He Heals the Scars
Updated: Jun 28, 2022
I was recently at the physiotherapist office for complaints of a sore hip. As I rolled, over she saw a mark on my hip and asked if I had a blister or a sore. I had no idea there was anything there and had no recollection of hurting myself or any sore on my leg.
When I got home I looked into a mirror to see what she was referring to. I burst out laughing! Yes, I have a scar! It’s a slightly dark colour because when I was in high school I fell on our track and field which was a black gravel. Despite the doctor washing the wound, there was still some dark ‘ash’ left in the wound when he stitched me up. Not only had the pain of the injury faded long ago, even the memory of the scar had faded over the years, and I had forgotten about the wound entirely.

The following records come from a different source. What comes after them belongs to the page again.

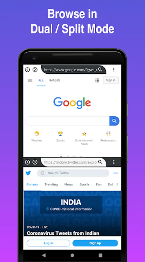Parallel Browser is a Split / Dual Browser which assists you in fast browsing. You can easily multi task with the help of dual browser.
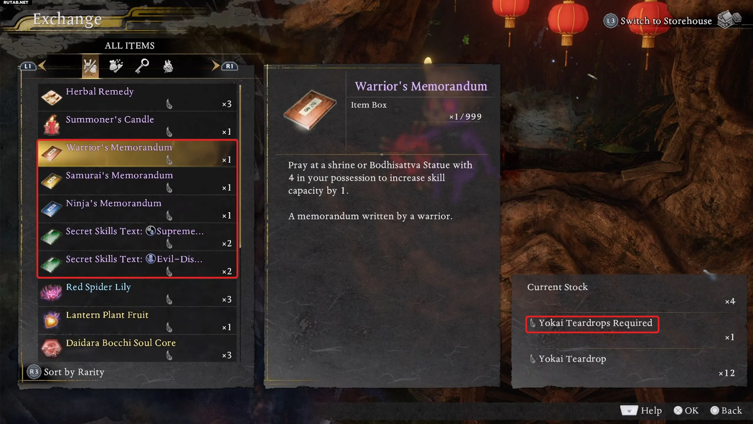 Более надежный способ получить «Манускрипт» — обменять «Слезы ёкая» у торговца. Каждые четыре «Манускрипта» увеличивают емкость навыков на один пункт. В то время как «Манускрипты Самурая» и «Ниндзя» увеличивают емкость своих категорий навыков, «Манускрипт Воина» увеличивает емкость Общих навыков.
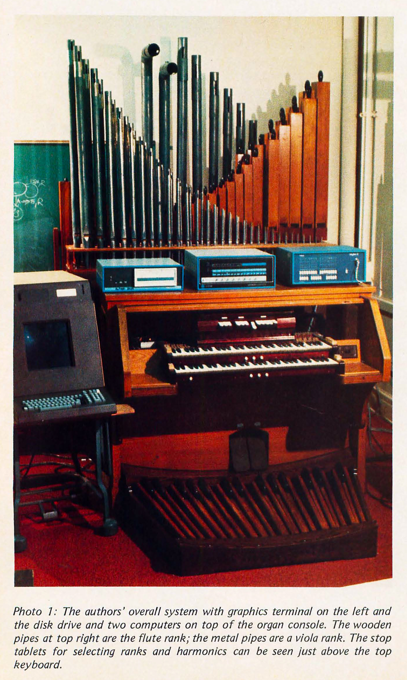 Mielőtt úgy igazán beköszöntött volna a digitális zene korszaka, a számítógépeket a komplexebb analóg hangszerek irányítására használták fel a zenerajongó programozók. Az itt bemutatott fura gépezet a University of Pittsburgh egyik laborjában készült, és az orgona mellett egy Altair 8800b, illetve egy Intellec 8/MOD 80 számítógép tartozik hozzá. A bal szélen levő „buta” terminál csak az irányításra szolgál, saját számítási teljesítménye nincs;azt a munkát a kék Altair-gépek végezték. A konstrukcióval a direkt e célra írt MUSIC programozási nyelvet használva írt nóták megszólaltatása volt lehetséges.
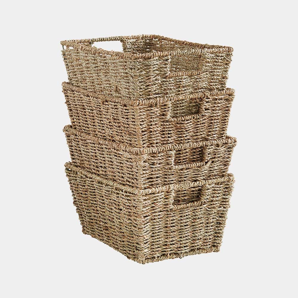 Store belongings in an orderly fashion with the VonHaus Set of 4 Seagrass Storage Baskets.
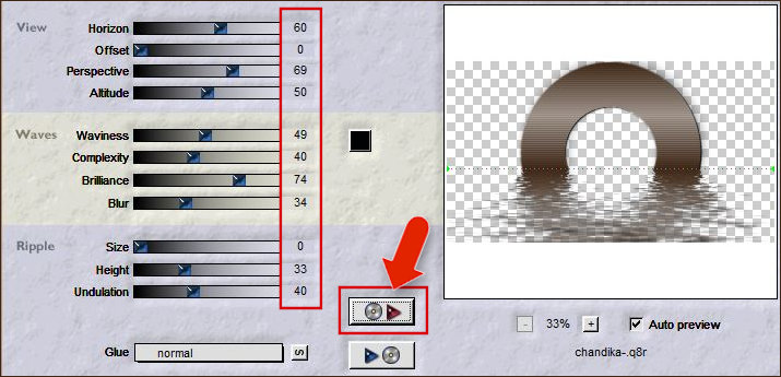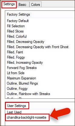 - Cliquez sur la petite flèche rouge, dans la fenêtre qui s'ouvre, sélectionnez le dossier dans lequel vous avez placé le preset chandika-noisette.q8r et appliquez ce preset
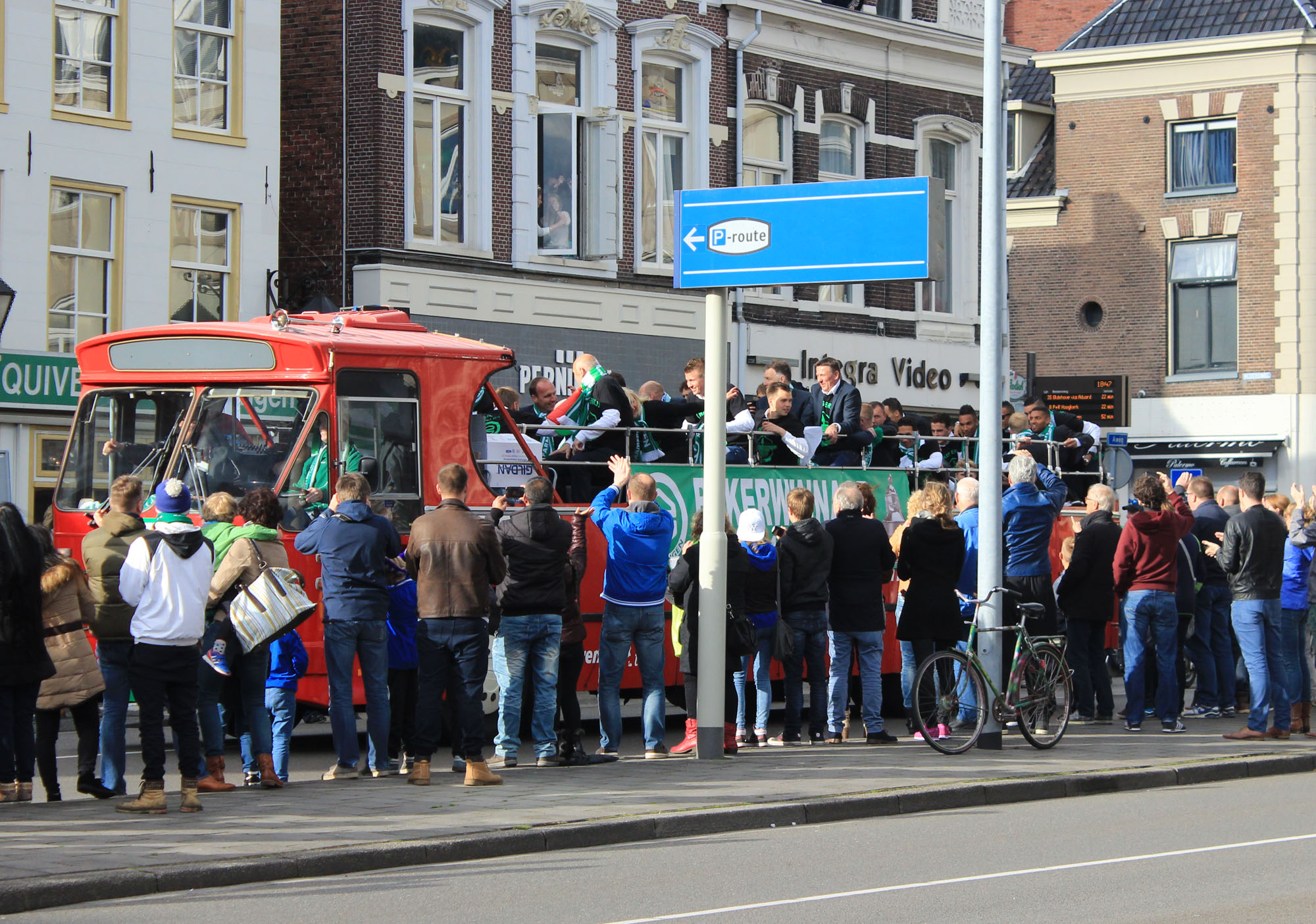 Onderweg werden de bekerwinnaars toegejuicht door het publiek dat met grote getale langs de route stond.
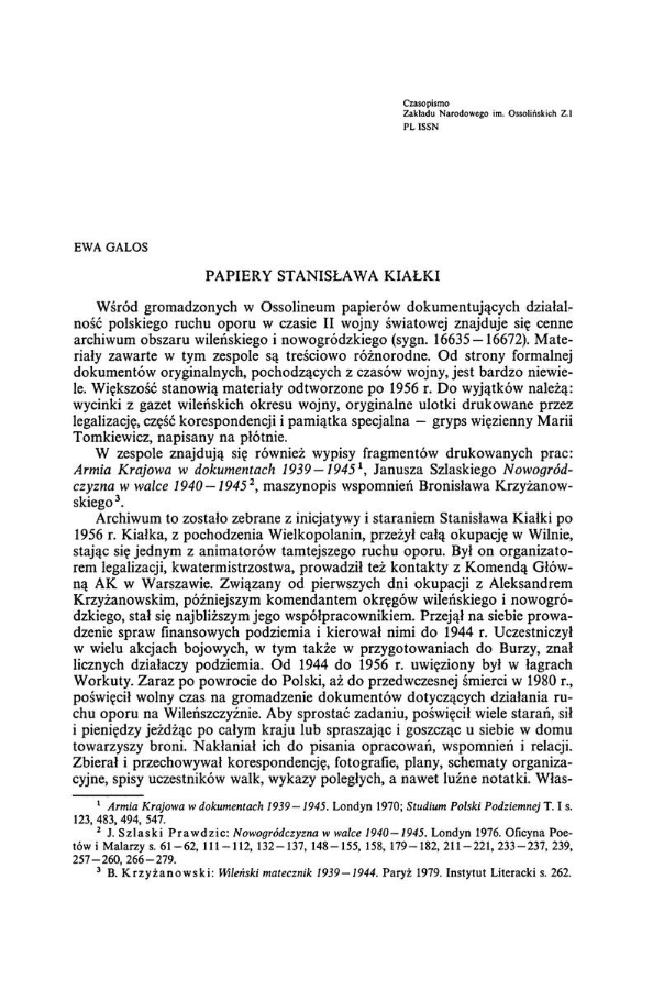 Czasopismo Zakładu Narodowego imienia Ossolińskich. Zeszyt 1
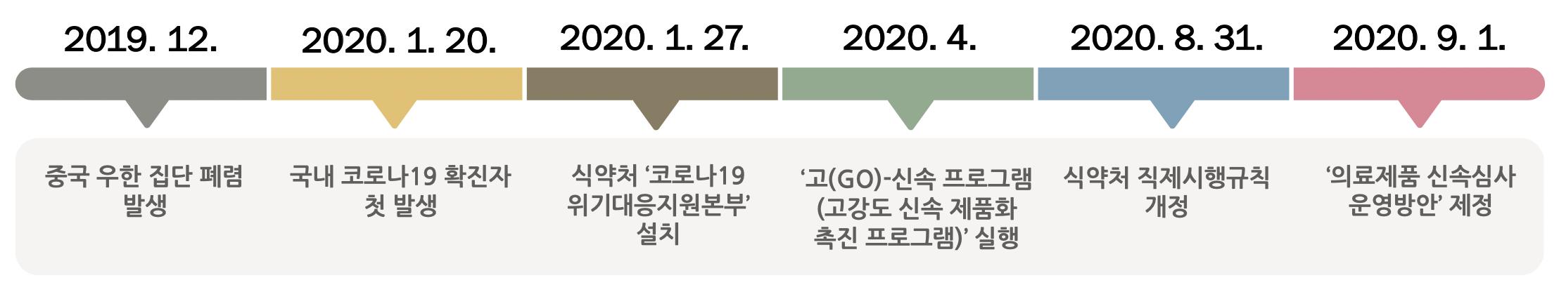 [허가팀] 국내 신속심사 제도의 현황 및 시사점 서울대학교 약학정책연구회 47 3. 한국의 신속 프로그램 3.1. 한국 신속 프로그램의 도입 이전 내용과 도입 배경 그림2 한국 신속 프로그램 타임라인 2019년 12월 중국 우한 집단 페렴 발생, 2020년 1월 20일 국내 코로나19 첫 발생, 2020년 1월 27일 식약처‘코로나19 위기대응지원본부 설치, 2020년 4월‘고(GO) 신속 프로그램(고강도 신속 제품화 촉진 프로그램)’실행, 2020년 8월 31일 식약처 직제시행규칙 개정, 2020년 9월 1일‘의료제품 신속심사 운영방안 제정 2019년 12월 중국 우한에서 새로운 유형의 코로나바이러스로 인한 호흡기 질환이 발생하였고 2020년 1월 8일 중국 우한시를 방문하였던 우한시 입국자의 확진으로 국내 코로나19 상황이 시작되었다. 이에 2020년 1월 27일, 식약처 내에는 코로나19 위기대응지원본부가 설치되어 지원본부 내 백신팀이 예방백신위기대응 및 허가 간소화
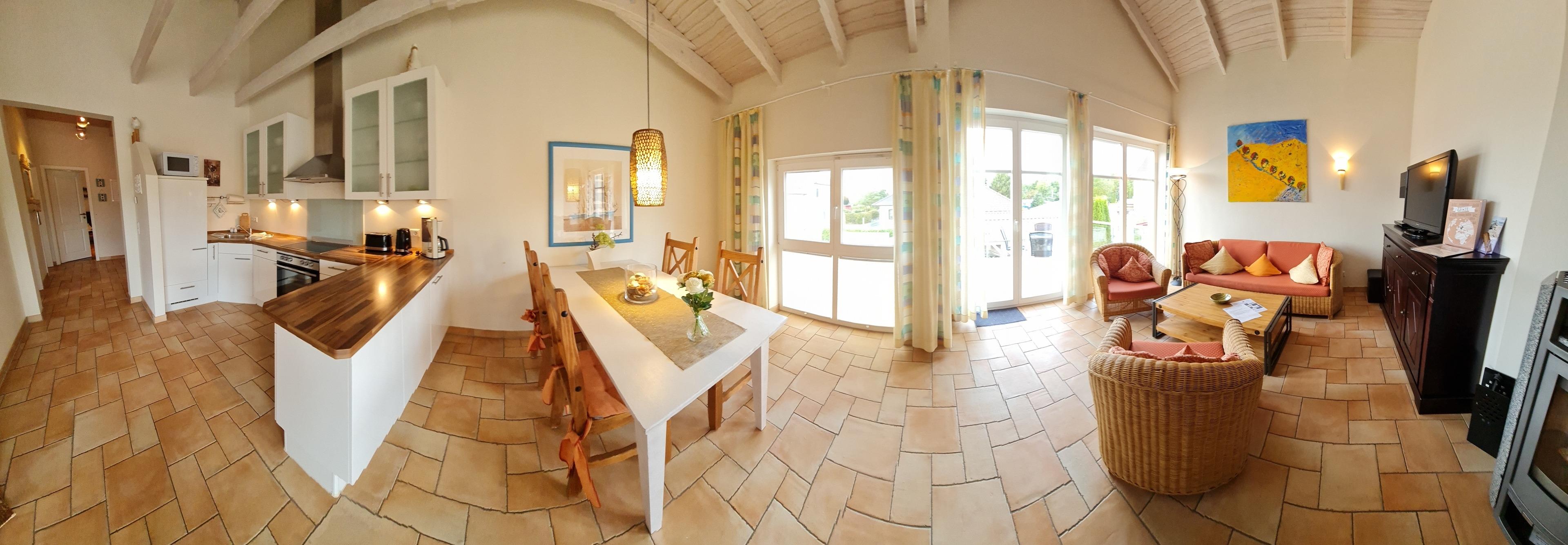 Offene, helle Wohnküche mit Esstisch, gemütlicher Sofaecke, TV und Zugang zum Balkon
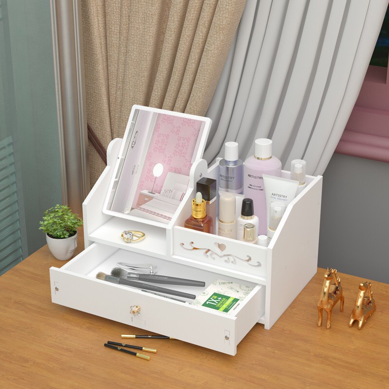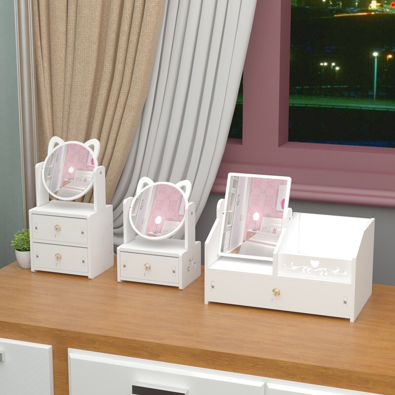 Kệ Mỹ Phẩm Mini Bàn Trang Điểm Mini Để Đồ Trang Điểm Có Kèm Gương vuông

Medically, as a wound heals, a scab forms. Eventually the scab will fall off, but the site may still be tender, as the new skin forms below the scar. If the scab is picked or scratched open, it will keep bleeding, and the wound will not heal. The new skin can be rubbed raw if it is not left alone and the pain of the wound will still be felt. Sometimes deep wounds take longer to heal, but they need to be left alone for time to bind the new skin and strengthen the outer layer again to protect the healing cells as they grow and form a scar. A festering sore can become infected and risks the health of the whole body, if not treated.
Wounds on our heart and spirit can be similar to our body. Sometimes it is hard to resist taking the scab off to rub raw the wound, feel the pain, and let it bleed with tears and pain. Like our bodies, our hearts can become infected with bitterness, resentment, and revenge. Who hasn’t rehearsed a scene of injury over and over in their mind? I know I have. I replay the scene with different retorts, but all that does is add fuel to my fury and hurt and allows the wound to fester instead of heal. The danger of allowing our emotional wound to fester is the resulting root of bitterness that digs down and takes root in our heart.
Jesus can heal our hearts. He promises to bind up our wounds. (Psalm 147:3 He heals the brokenhearted And binds up their wounds.)
As time passes and we turn our hurts over to God, we can feel less pain. And like my high school track & field injury, even the memory of the pain will fade, if we allow God to heal the scars.